Part A (code and data) is submitted via the Ed learning platform. Part B (pdf report) is submitted through Turnitin on the Assessment submission page in Moodle.
In Ed, your can use model.py or model.r for the main code which should read data and run. Alternatively, you can also upload your code notebook. Upload Screenshots of Console if code does not run on Ed and you are using local machine to run the code.
We recommend that you use Scikit-learn in case of Python since it runs faster on Ed.
Do not include any code in your report that will be submitted to Moodle.
Marking and feedback
A rubric is available on Moodle assessment page as well as at the botton of the lesson here on Ed. Feedback and results will be provided to you 7-10 days (approximately) after the deadline. Please note that due to a large number of students, the feedback could be delayed.
FAQ
See Ed Discussions.
Option I - A: Foundations of Neural Networks
Imagine yourself as a data scientist and build a neural network model using a given datasets. Data set
Refer to the respective documentation for the given data set is given with the following link:
"Predicting the age of abalone from physical measurements. The age of abalone is determined by cutting the shell through the cone, staining it, and counting the number of rings through a microscope -- a boring and time-consuming task. Other measurements, which are easier to obtain, are used to predict the age. Further information, such as weather patterns and location (hence food availability) may be required to solve the problem." Source
http://archive.ics.uci.edu/ml/datasets/Abalone
TEXT
Name / Data Type / Measurement Unit / Description
Sex / nominal / -- / M, F, and I (infant)
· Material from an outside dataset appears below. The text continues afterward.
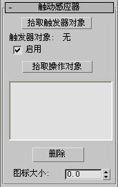 激活触动感应器。当此框处于禁用状态时,感应器不起作用,即使已选定对象也是如此。
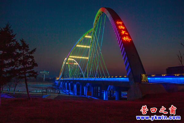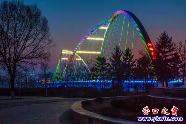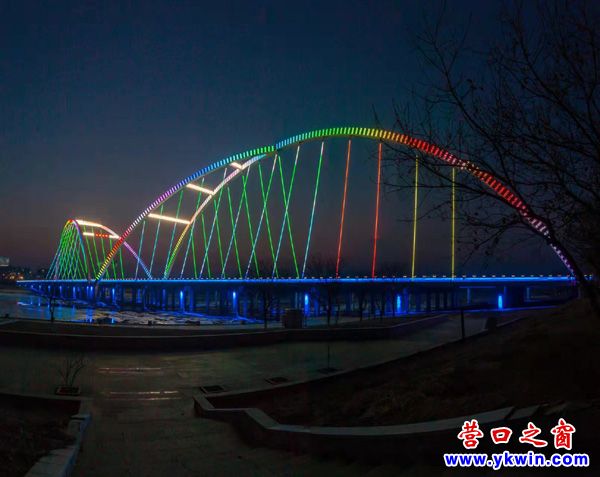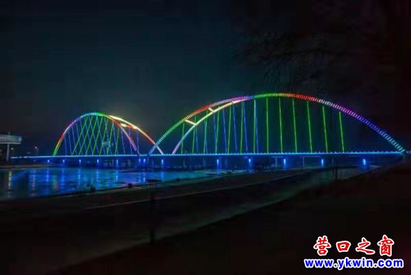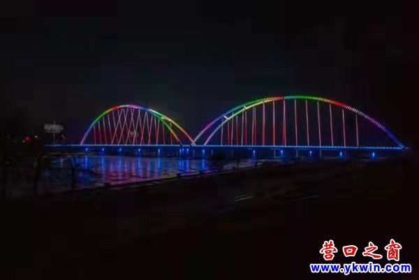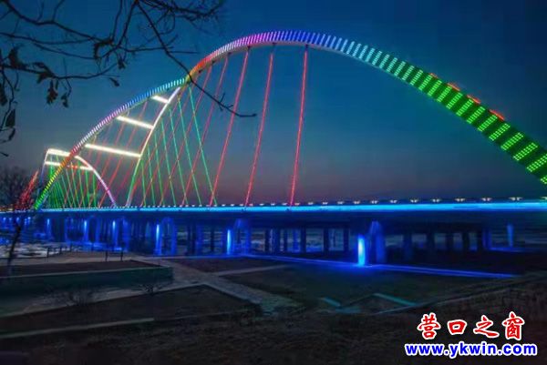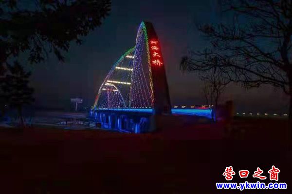 (營口之窗“方寸天地”)夜暮下熊岳河海大橋流光溢彩

Length / continuous / mm / Longest shell measurement
Diameter / continuous / mm / perpendicular to length
Height / continuous / mm / with meat in shell
Whole weight / continuous / grams / whole abalone
Shucked weight / continuous / grams / weight of meat
Viscera weight / continuous / grams / gut weight (after bleeding)
Shell weight / continuous / grams / after being dried
Rings / integer / -- / gives the age in years
The readme file contains attribute statistics.
Instructions
Clean the above data sets with data processing code and then prepare them for modelling using (dense) neural networks. Build a neural network model either using Keras or scikit-learn in Python or R. Understand the given problem and identify the respective inputs and outputs of the proposed model.
converting in to classes
You treat the project as a classification problem. You show results for the ring age classified into 4 major groups, i.e. 4 output neurons using the following ring age groups:
. Class 1: 0 - 7 years
. Class 2: 8- 10 years
. Class 3: 11 - 15 years
· Class 4: Greater than 15 years
Include class distribution as part of the data visualization in Step 1 below.
Note that the response variable is continuous. However, in this assessment, the problem is a classification problem with four classes.
Steps to execute the project
Consider the following steps to build and evaluate the model:
1. Analyse and visualise the given datasets by reporting the distribution of classes, distribution of features and any other visualisation you find appropriate.
2. Develop a dense neural network with one hidden layer. Vary the number of hidden neurons to be 5, 10, 15, and 20 in order to investigate the performance of the model using Stochastic
Gradient Descent (SGD). Determine the optimal number of neurons in the hidden layer from the range of values considered.
3. Investigate the effect of learning rate (using SGD) for the selected dataset (using the optimal number of hidden neurons).
4. Investigate the effect on a diferent number of hidden layers: Now modify the model by adding another hidden layer. Use the optimal number of hidden neurons from Step 3 for both the
layers and the optimal learning rate from Step 4. Investigate the effect of this change in the number of hidden layers (using SGD).
5. Investigate the effect of Adam and SGD on training and test performance.
6. Take the final optimal model among all the above cases and show the confusion matrix and ROC/AUC curve for different classes of the multi-class problem.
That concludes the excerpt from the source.